Work request: When you transcribe the lines below, keep every word the same and leave the pictures behind.

Material to process:
[Start of section]

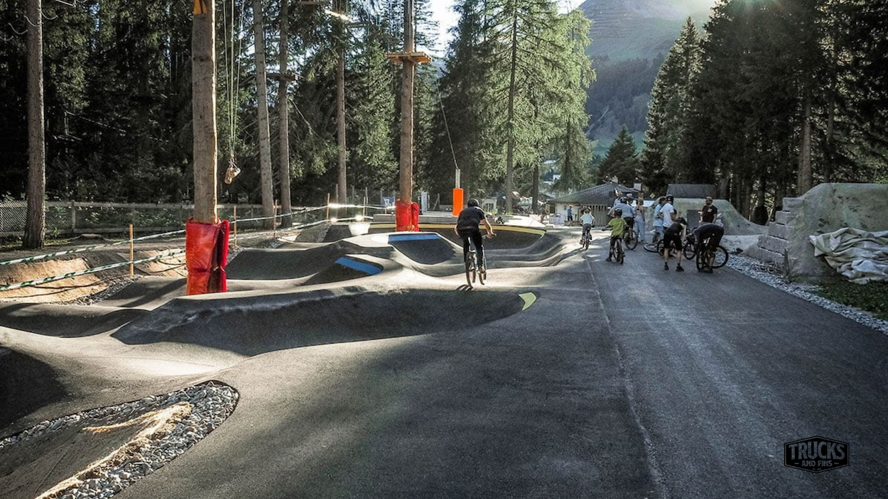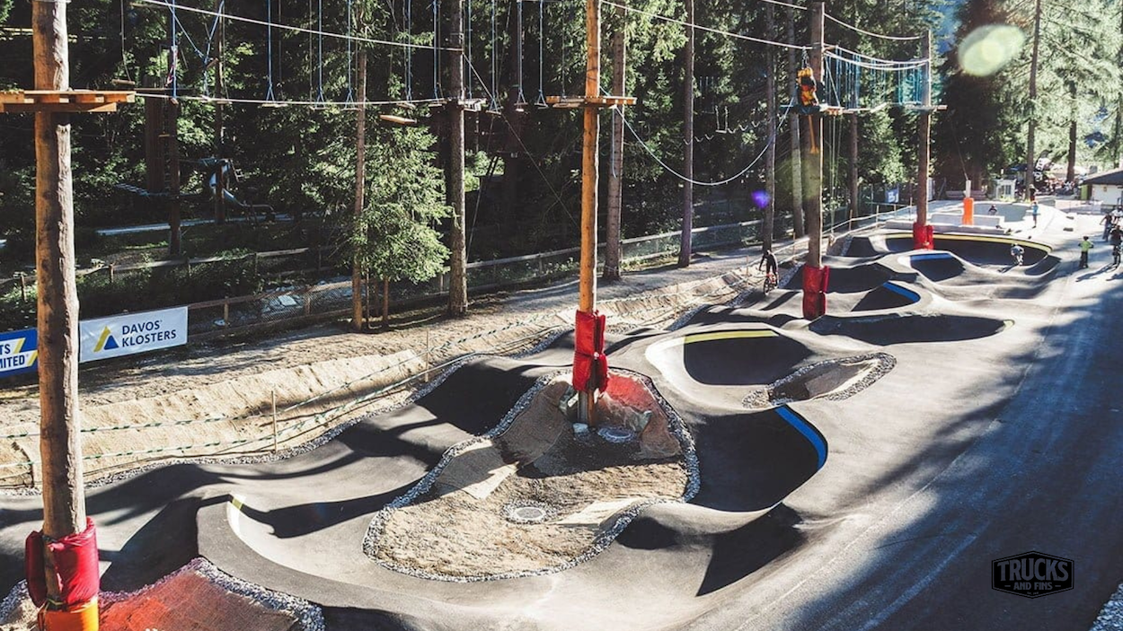 It is tough to find a place not to like in Switzerland, and here you have another reason to like it even more – the pumptrack in Davos, built by Alliance ASE. The 650 m² track (Paved Area: 350 m²) was placed right next to the already existing skatepark and at the end of the amazing trail, at the Aerial Adventure Park.
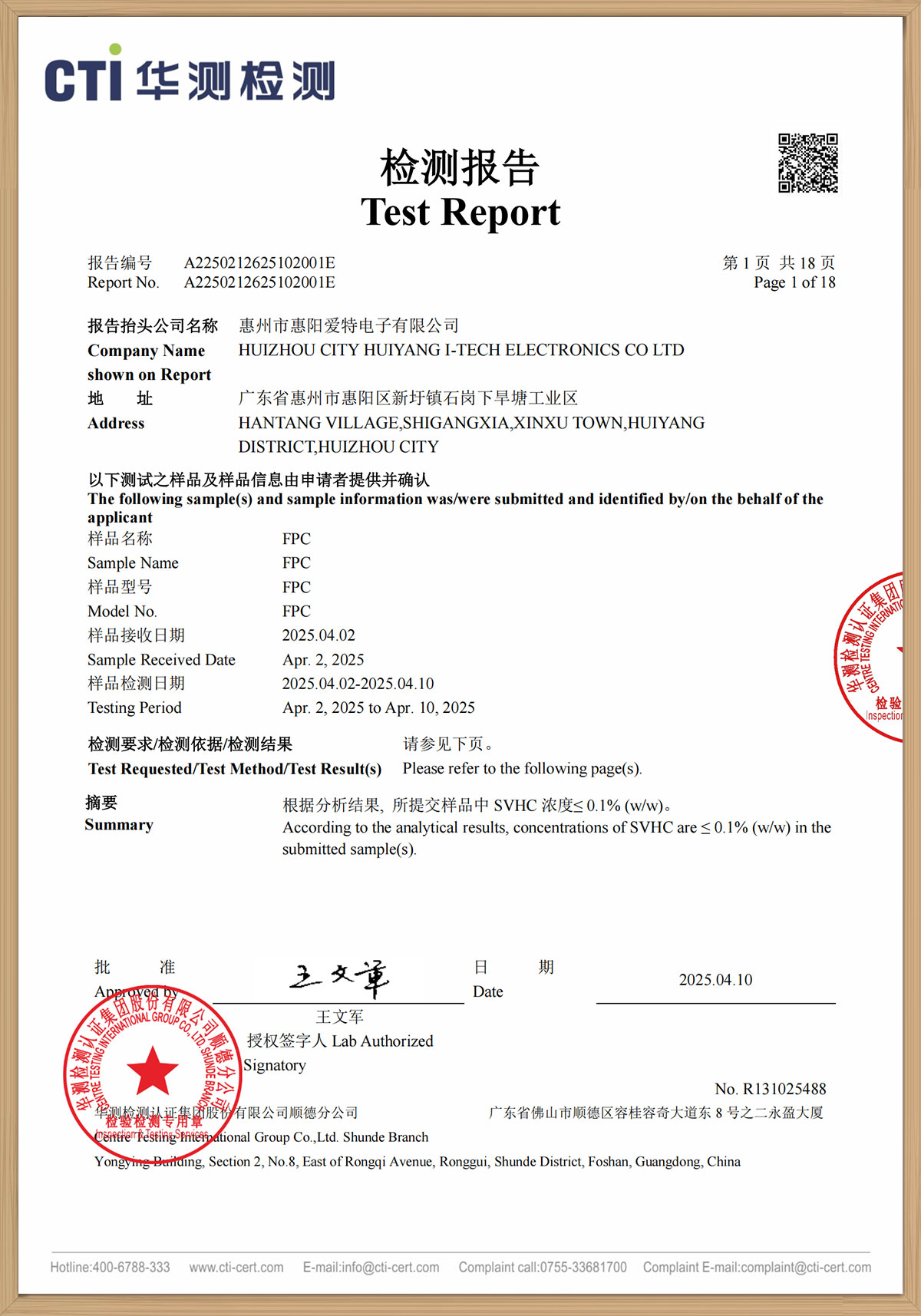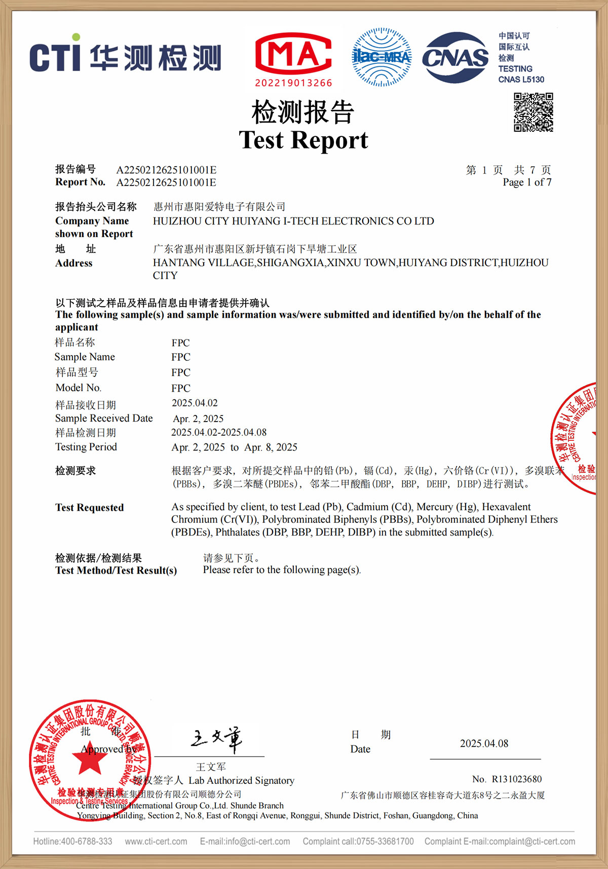 華測檢測報(bào)告
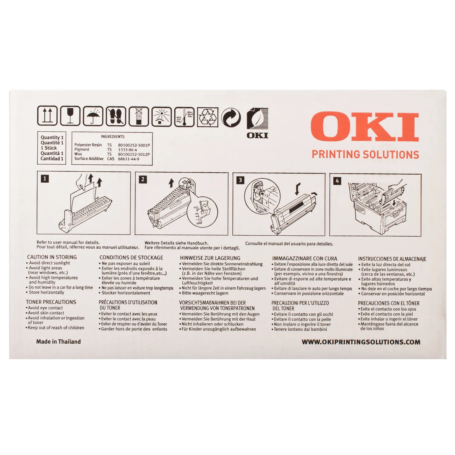 - Гарантований ресурс. Oki використовує схвалені ISO способи тестування для точного визначення заявленого ресурсу своїх оригінальних тонер-картриджів. Це означає, що ви завжди зможете надрукувати заявлену кількість сторінок. Стандартний текст (не жирний, не підкреслений, без малюнків) дає приблизно 5% заповнення. Це стандартна характеристика заповнення тонером поверхні паперу, і норми витрати тонера (ресурс картриджа) наводяться саме по ній.
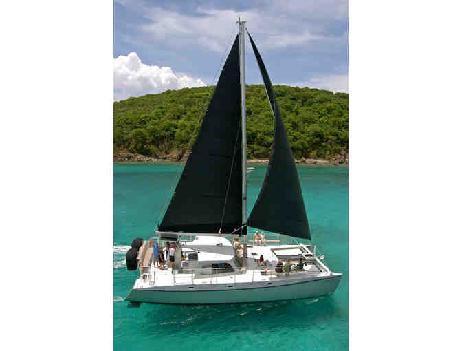 About Kekoa: This 50' wooden catamaran was built in 2008 and has unique silver hulls, black sails and a deck that glows blue at night. She is 30 ft. wide providing for a smooth and level ride while enjoying gentle trade wind sailing. The vessel has ample seating on the deck or in our shaded cockpit. She also has a wet bar, a bathroom and seating that stretches across the entire stern deck. Please come aboard and enjoy the newest, sleekest and most awe-inspiring sailing catamaran in the Virgin Islands. Please contact us to arrange the date of your sail. 340-244-7245 email: sailkekoa@gmail.com
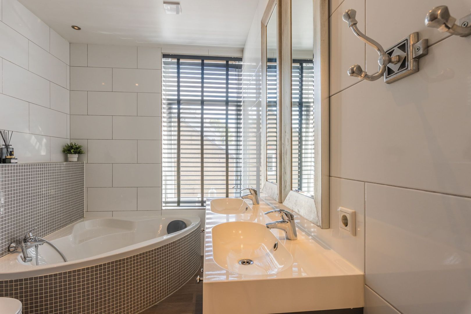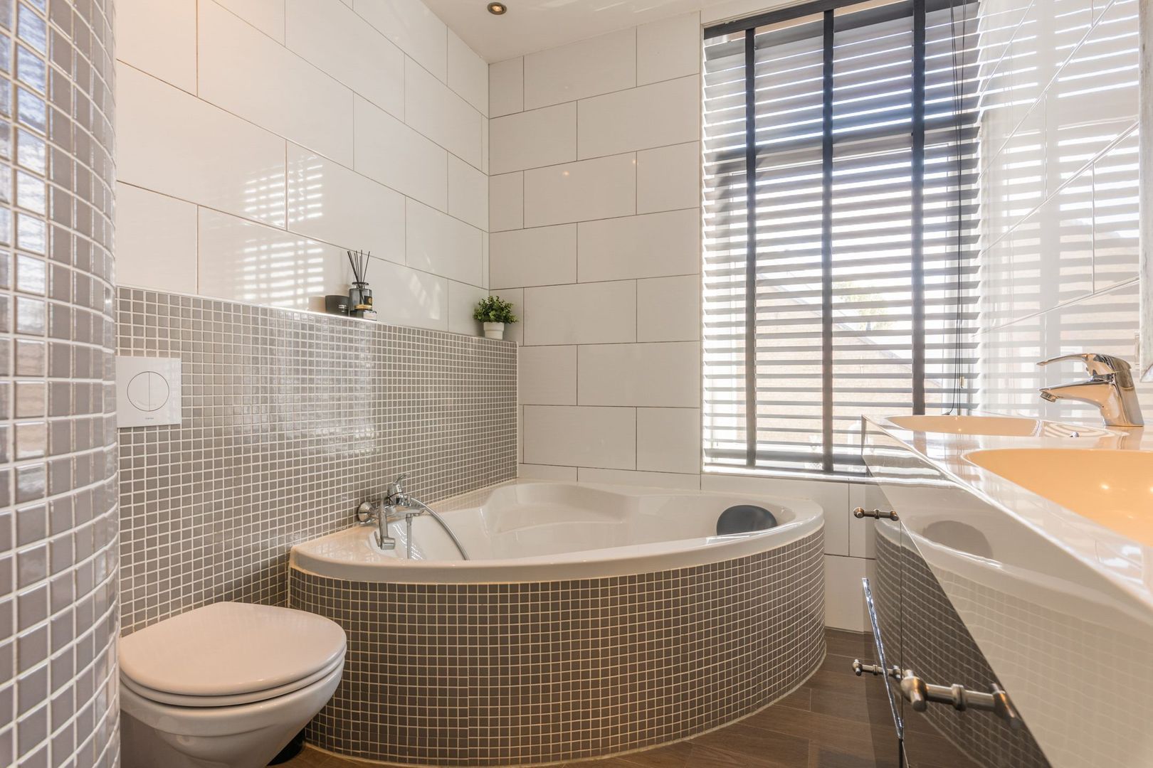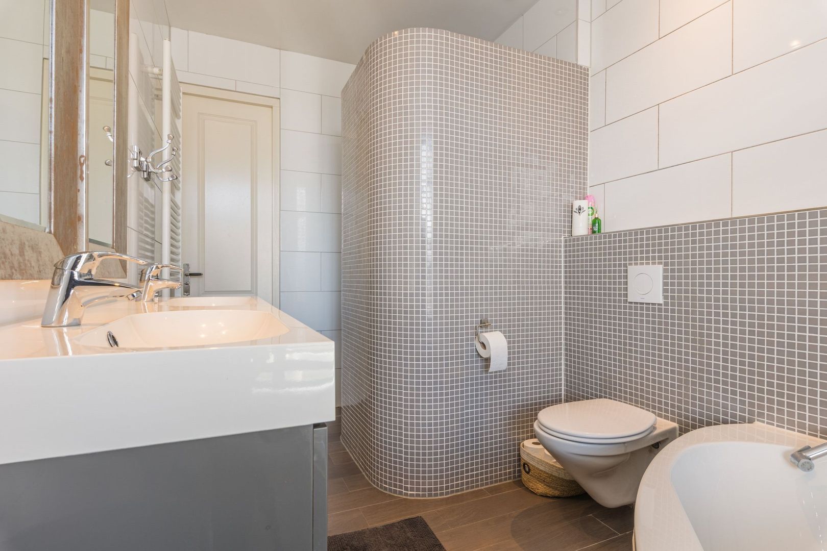 en uitgevoerd met een ruim hoekligbad, zwevend toilet, een dubbel wastafelmeubel, een designradiator en een inloopdouche afgescheiden door een rond weglopende muur. Het plafond is voorzien van inbouwspots en een electrische ventilator.
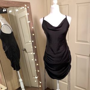 Easily transition from day to night in this sultry and slinky slip dress teatures adjustable ruched sides that allow you to wear it long or short.
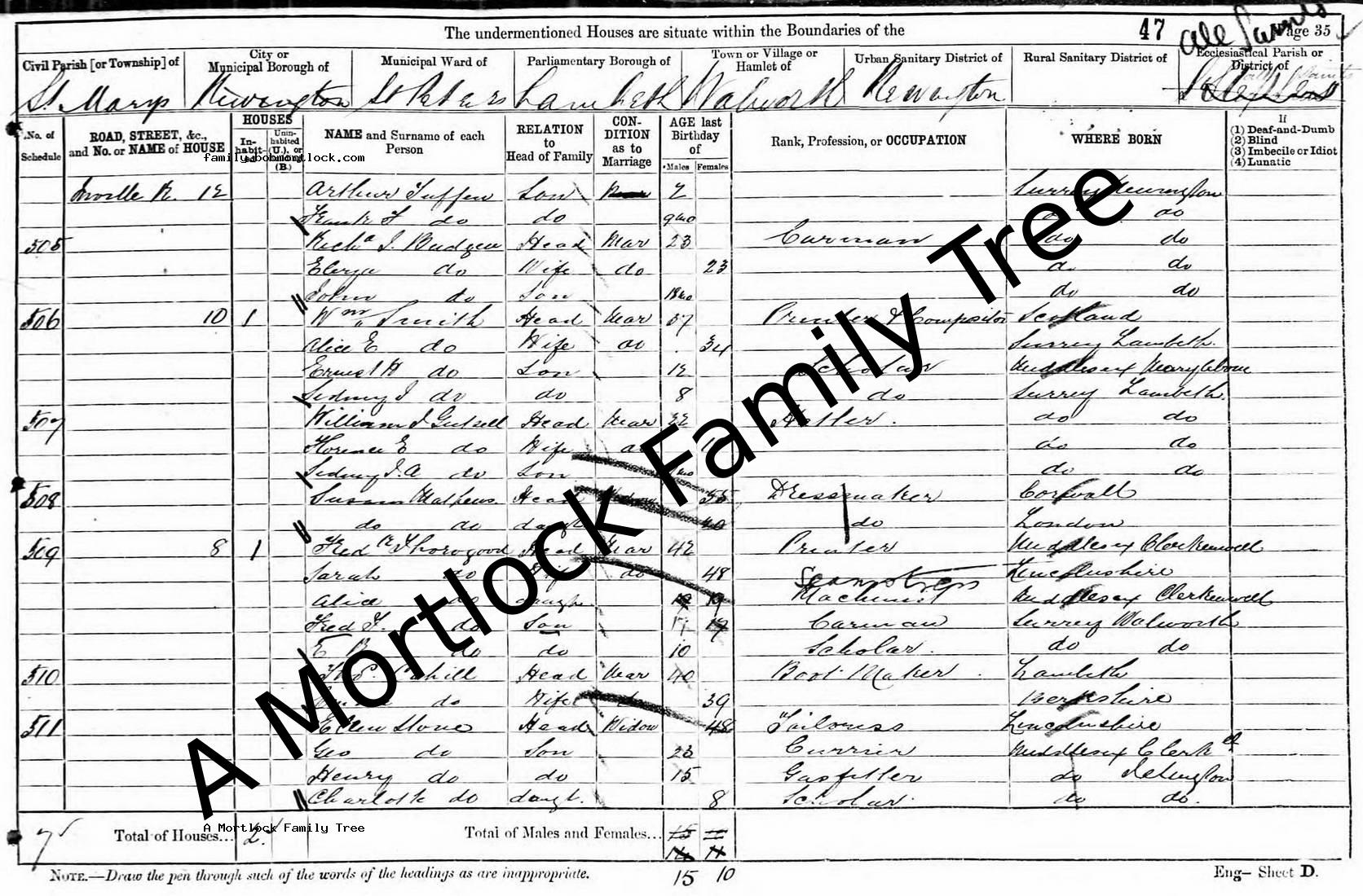 | Census | 3 April 1881 (Age 8) Walworth, S London, England Address: 8 Modle Road
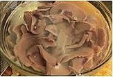 待粥差不多熬好的时候,把猪腰片倒进去,老姜会浮起,捞去,放入点新鲜的姜丝,加盐,喜欢的再加点酱油上色,猪腰放进去开始煮十分钟足够。
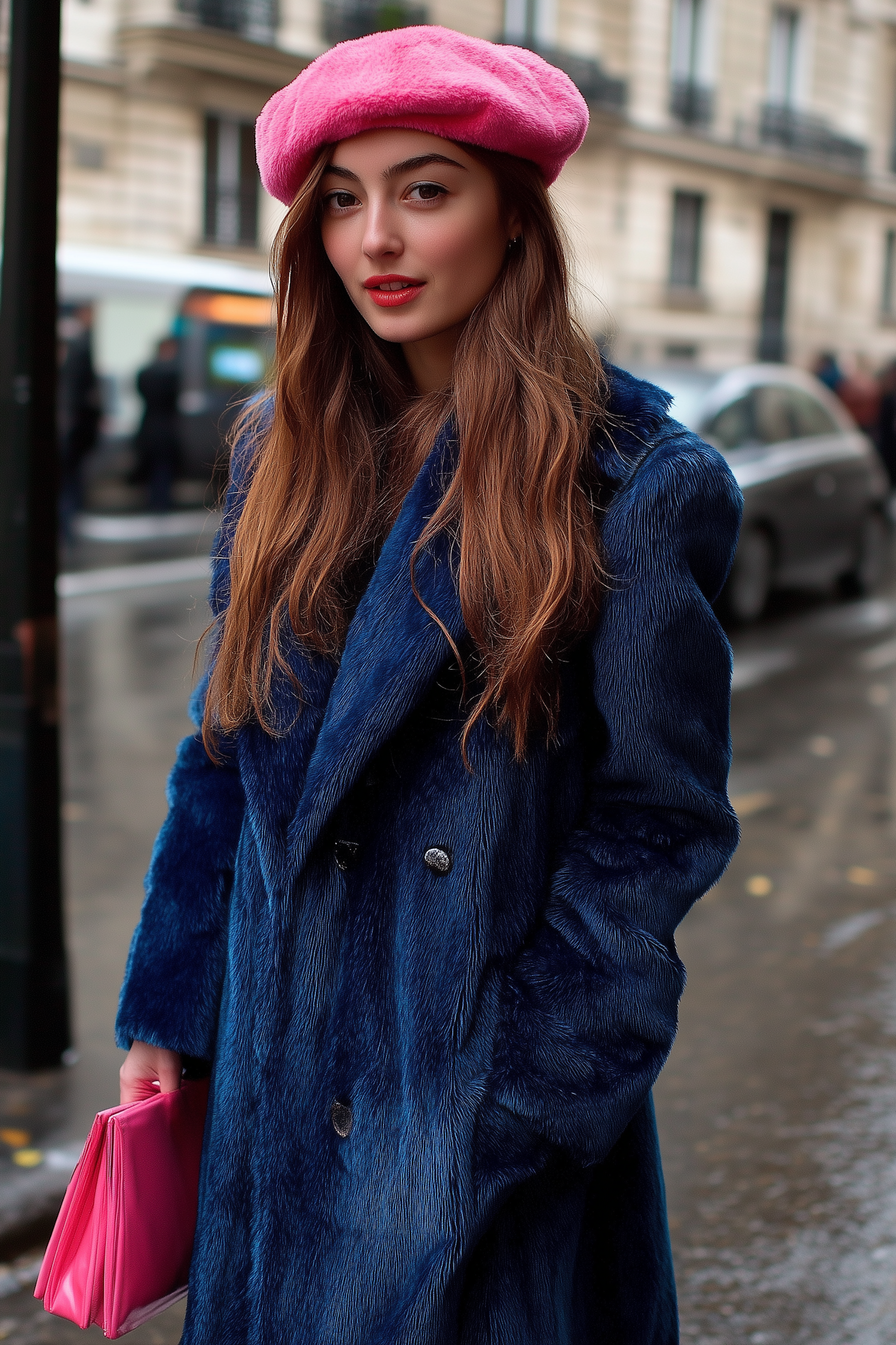 Stylish woman in a pink beret and blue fur coat holds a matching pink clutch on a city street, exuding confidence and elegance.
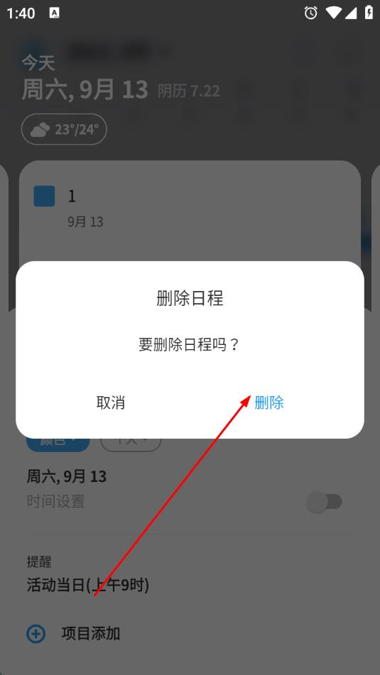 4、在弹出的删除日程确认窗口中,点击删除选项,即可成功删除该事件。
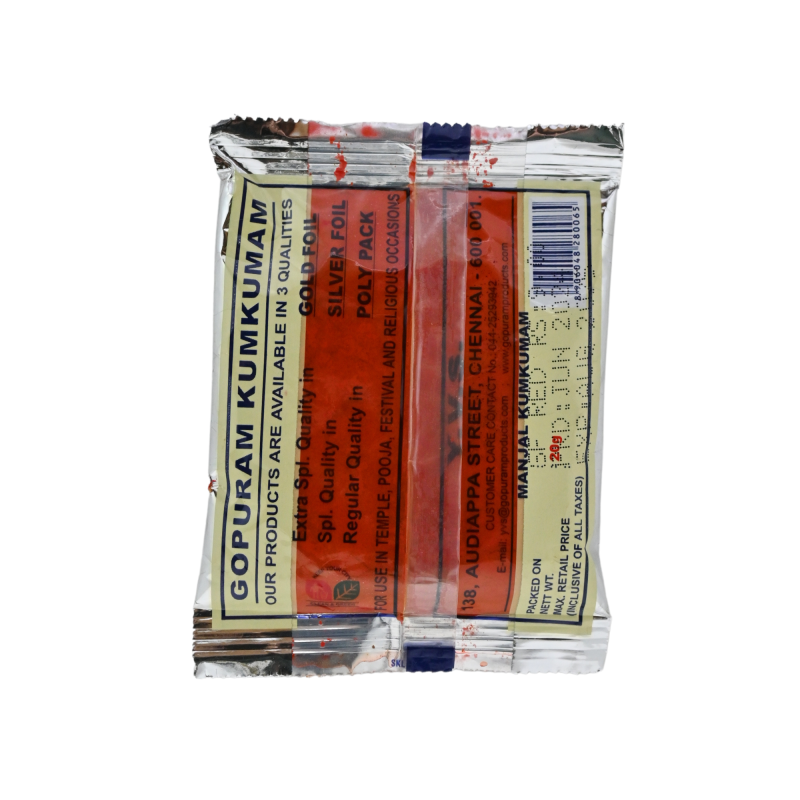 Gopuram Kumkum 20g No 10 Experience the essence of devotion with Gopuram Kumkum No 10, known for its vibrant pure red hue. This Kumkum, crafted from high-quality ingredients, symbolizes purity, energy, and reverence, enhancing the spiritual sanctity of your daily puja rituals. Its rich red color stands as a traditional symbol of auspiciousness, used extensively in religious ceremonies to invoke divine blessings. Perfectly suited for both personal and community offerings, this Kumkum brings a divine aura to your worship space. Compact and convenient, Gopuram Kumkum No 10 is ideal for everyday use, ensuring that your spiritual journey is always vibrant and meaningful.

[End of section]

Task response:
 It is tough to find a place not to like in Switzerland, and here you have another reason to like it even more – the pumptrack in Davos, built by Alliance ASE. The 650 m² track (Paved Area: 350 m²) was placed right next to the already existing skatepark and at the end of the amazing trail, at the Aerial Adventure Park.
 華測檢測報(bào)告
 - Гарантований ресурс. Oki використовує схвалені ISO способи тестування для точного визначення заявленого ресурсу своїх оригінальних тонер-картриджів. Це означає, що ви завжди зможете надрукувати заявлену кількість сторінок. Стандартний текст (не жирний, не підкреслений, без малюнків) дає приблизно 5% заповнення. Це стандартна характеристика заповнення тонером поверхні паперу, і норми витрати тонера (ресурс картриджа) наводяться саме по ній.
 About Kekoa: This 50' wooden catamaran was built in 2008 and has unique silver hulls, black sails and a deck that glows blue at night. She is 30 ft. wide providing for a smooth and level ride while enjoying gentle trade wind sailing. The vessel has ample seating on the deck or in our shaded cockpit. She also has a wet bar, a bathroom and seating that stretches across the entire stern deck. Please come aboard and enjoy the newest, sleekest and most awe-inspiring sailing catamaran in the Virgin Islands. Please contact us to arrange the date of your sail. 340-244-7245 email: sailkekoa@gmail.com
 en uitgevoerd met een ruim hoekligbad, zwevend toilet, een dubbel wastafelmeubel, een designradiator en een inloopdouche afgescheiden door een rond weglopende muur. Het plafond is voorzien van inbouwspots en een electrische ventilator.
 Easily transition from day to night in this sultry and slinky slip dress teatures adjustable ruched sides that allow you to wear it long or short.
 | Census | 3 April 1881 (Age 8) Walworth, S London, England Address: 8 Modle Road
 待粥差不多熬好的时候,把猪腰片倒进去,老姜会浮起,捞去,放入点新鲜的姜丝,加盐,喜欢的再加点酱油上色,猪腰放进去开始煮十分钟足够。
 Stylish woman in a pink beret and blue fur coat holds a matching pink clutch on a city street, exuding confidence and elegance.
 4、在弹出的删除日程确认窗口中,点击删除选项,即可成功删除该事件。
 Gopuram Kumkum 20g No 10 Experience the essence of devotion with Gopuram Kumkum No 10, known for its vibrant pure red hue. This Kumkum, crafted from high-quality ingredients, symbolizes purity, energy, and reverence, enhancing the spiritual sanctity of your daily puja rituals. Its rich red color stands as a traditional symbol of auspiciousness, used extensively in religious ceremonies to invoke divine blessings. Perfectly suited for both personal and community offerings, this Kumkum brings a divine aura to your worship space. Compact and convenient, Gopuram Kumkum No 10 is ideal for everyday use, ensuring that your spiritual journey is always vibrant and meaningful.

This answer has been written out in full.